Она провела меня в гостиную. Я тут же понял, что муж у этой женщины тоже умер и она живет одна. Видимо, одинокие люди уделяют особое внимание цветовой гамме, оттенкам и даже звукам и их отголоскам в своем пространстве. Она усадила меня на диван. Поверх покрывала с кистями — россыпь подушечек в виде собак и кошек. Я сел среди них, и парочка вывязанных крючком животных тут же скользнула мне на колени и уютно там устроилась. Я погладил черную плюшевую собачонку. На столе стоял чайничек и какое-то угощение, но миссис Фиске долго не наливала чай и, когда она наконец собралась это сделать, чай уже заварился слишком крепко. Как мы начали говорить, не помню. Вот только что я знакомился с вязаной собачонкой-спаниелем, а вот мы уже оживленно беседуем. Оказывается, оба мы очень давно, сами того не подозревая, ждали этого разговора. Я скоро понял, что гостиная заполнена самыми разными представителями собачьих и кошачьих, не только питомцами-подушечками: все полки заставлены фигурками, все стены увешаны картинками. И в этой полной живности комнате мы говорили обо всем без утайки и преград, мы сказали друг другу очень многое и, пожалуй, могли бы сказать еще больше, но связь, что между нами установилась, не отличалась нежностью или, тем более, теплом — в ней скорее было что-то отчаянное. И называли мы друг друга только мистер Бендер и миссис Фиске, никак иначе.

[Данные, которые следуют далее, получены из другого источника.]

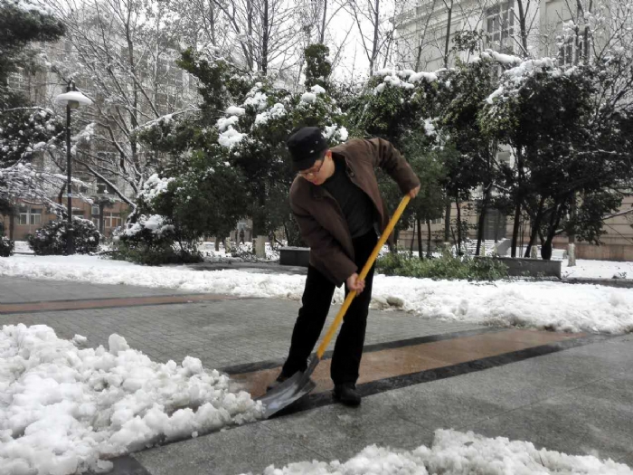 艺术公司员工义务协助物业清扫文科楼旁的道路

Мы говорили о мужьях и женах; о том, как одиннадцать лет назад ее муж умер от сердечного приступа на стадионе, распевая самую жизнеутверждающую песню Элвиса Пресли; о шляпах, шарфах и обуви умерших близких, которые то и дело попадаются под руку и мешают сосредоточиться; о том, каково возвращать письма «за смертью адресата»; о поездках на поезде; о посещениях кладбища; о разных способах, какими жизнь по капле выжимается из человеческого тела — во всяком случае, у меня создалось впечатление, что мы обо всем этом говорили, хотя, возможно, мы беседовали о том, как трудно выращивать лаванду во влажном климате, а все остальное ушло в подтекст, понятный и мне, и миссис Фиске. Впрочем, нет, не обсуждали мы лаванду, мы вообще не касались садоводства. Горький чай остыл, хотя на чайничке был шерстяной колпак. У миссис Фиске выбилось из пучка несколько седых прядей.